In total, 1,412 women were included in our analysis. Daily UI was reported by 177 (12.5%) women. Functional dependence or disability with any ADLs was reported in 62.1% (95% CI 54.2%, 70.1%) of women with daily UI. Among women with daily UI, 23.6% (95% CI 16.8%, 30.5%) reported specific difficulty or dependence with using the toilet signifying functional limitations which may contribute to urine leakage. After adjusting for age category, race/ethnicity, education level, and parity, women with daily UI had 3.31 increased odds of functional difficulty or dependence compared with continent older women.

Conclusion

Over 60% of older women with daily UI reported functional difficulty or dependence and 1/4 of women with daily UI specifically reported difficulty or dependence with using the toilet.

Keywords: activities of daily living, dependence, functional status, mobility, urinary incontinence

INTRODUCTION

Urinary incontinence (UI) is a common condition that can have a profound impact on women's lives. The prevalence of urinary incontinence increases dramatically with age.(1, 2) Incontinence is associated with decreased quality of life, poor self-rated health and depression in older women. (3-5) Incontinence can result from disease-specific processes such as detrusor overactivity or pelvic floor dysfunction. However, incontinence also can result “from physical or cognitive limitations that prevent a person from reaching or using the toilet.”(6) Inability to reach the toilet due to these functional limitations is termed functional UI.(6)

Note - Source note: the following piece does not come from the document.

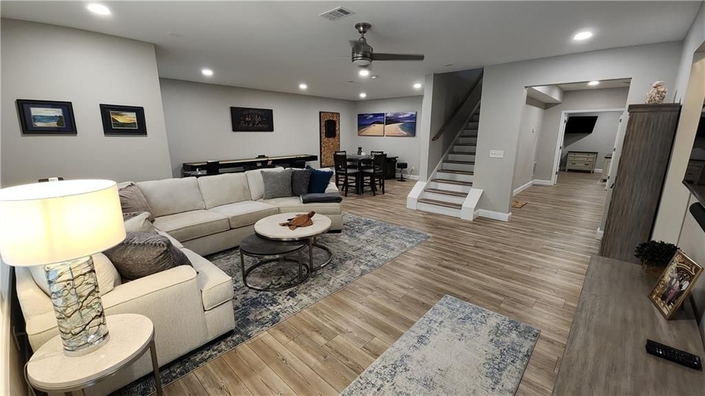 Welcome to this UNIQUE HGTV-Inspired ONE-OF-A-KIND - DREAM HOME located in the EXCLUSIVE Stephens Point GATED 55+ ACTIVE ADULT Community. Nestled a few short steps from the shores of beautiful LAKE LANIER, this picturesque home offers a turn-key idyllic lifestyle with its Serene Surroundings and Unparalleled Amenities. Step onto the Covered Rocking Chair FRONT PORCH, where you can sip your morning coffee while soaking in the peaceful ambiance. As you enter the Home, you'll be greeted by a property that features PRIVACY, TRANQUILITY, and LUXURY UPGRADES throughout. As you step through the front door, you’ll be immediately welcomed by an Open Foyer featuring LUXURY PLANK FLOORING that adds a touch of Sophistication, Durability, and Aesthetic appeal. Just inside, you'll find several generous GUEST Bedrooms and an adjoining FULL BATH featuring Upgraded Tiled Floors, Tiled Shower/Tub & Granite Vanity. Continuing inside, you'll approach a Spacious DINING ROOM perfect for Holiday gatherings or FLEX this Incredible space as you Wish. The Heart of the Home is the inviting GOURMET KITCHEN boasting Pristine White Cabinets, Large GRANITE Counters offering plenty of space & a Sophisticated SUBWAY TILED Backsplash. This Stunning Space is anchored by a MAGNIFICENT GRANITE Kitchen Island that stretches an Expansive 9 feet+ in length - creating an Elegant yet Dramatic Centerpiece. The Island offers ample space for Meal Prep, Casual Dining, and Entertaining. Upgraded Stainless Steel Appliances, including a CONVECTION Oven & Gas COOKTOP, and a light-filled Dining area complement the space. The Kitchen overlooks the FAMILY ROOM, featuring Stunning Open Views and abundant Natural Light. This room is highlighted by a Trey Ceiling and a Cozy GAS FIREPLACE. Completing the Main Floor is the PRIMARY OWNERS Suite that features Plenty of Space for ALL of your Furniture, including a Large SITTING AREA conveniently adjacent to a PRIVATE outdoor balcony. The Primary Bath features His & Her Vanities with Upgraded GRANITE, accompanied by a HUGE Walk-in TILED Shower, and a Spacious WALK-IN Closet with direct convenient access to the LAUNDRY ROOM. Once finished with the main level, continue down the gorgeous Open-Railed Stairwell into an Impressive FINISHED LUXURY TERRACE LEVEL designed for both Relaxation and Entertaining. You'll be welcomed by an Expansive Second Open Family Room featuring Luxury Plank Flooring that flows seamlessly throughout the space. Adjacent to the Family Room is a Spacious GAME AREA and a stylish WET BAR complete with a BEVERAGE REFRIGERATOR, ICE MAKER, and Large WINE COOLER. The Terrace Level also includes a GUEST BEDROOM, a FULL BATH showcasing a Custom-Tiled Shower & Elegant Vanity, and a dedicated HOME-GYM. Finishing the area, you'll find an expansive HOME OFFICE including a generous WALK-IN CLOSET for Extra Storage. Last but not least, step outside to your private outdoor Shangri-La, your perfect Oasis & Entertainment Paradise. This private FENCED space features a Covered back DECK & PATIO, an incredible LUXURY SPA as well as a SECOND open PAVER PATIO - perfect for Family or Neighbor Entertaining, all featuring Breathtaking Wooded Views. This Home offers not just a residence but a LIFESTYLE. Embrace the Convenience of the Gorgeous Community Clubhouse with Views overlooking Beautiful LAKE LANIER from the back Rocking Chair Porch. The Community features Lighted PICKLEBALL/TENNIS Courts, a Large Community POOL, and a Magnificent PRIVATE 14-Slip Courtesy DOCK on DEEP WATER. Stephens Point is an ACTIVE Community of 174 Homes with numerous Clubs, Activities, and Events to keep you as busy as you'd like while savoring the Beauty all around you. Just a few minutes to Historic Downtown Flowery Branch & Gainesville, you'll have easy access to I-985, Fine Dining, Shopping, and a Short Drive to the North GA Mountains offering a host of Outdoor Activities, Exquisite Wineries, and Breathtaking Scenery. CALL TODAY, this Home will NOT Last Long.

Functional status is commonly measured in community-dwelling adults by assessing the ability to perform activities of daily living (ADLs) without assistance. (7) Functional disability and dependence on other people to perform ADLs is an important predictor in older adults of developing adverse outcomes of aging (long-term nursing home (NH) stay, injurious falls, and death) independent of medical comorbidities and age.(8) Tinetti et al demonstrated that both UI and functional dependence share common risk factors predisposing older adults to both conditions.(8) While we know that UI and functional dependence are inter-related conditions, the burden of disability among women with UI is not well described. Knowledge of the burden of disability specifically related to toileting and the relationship with UI is also not well described. Finally, the prevalence of compromised mobility (which would decrease the ability to reach the toilet without leakage) in women with UI is also unknown.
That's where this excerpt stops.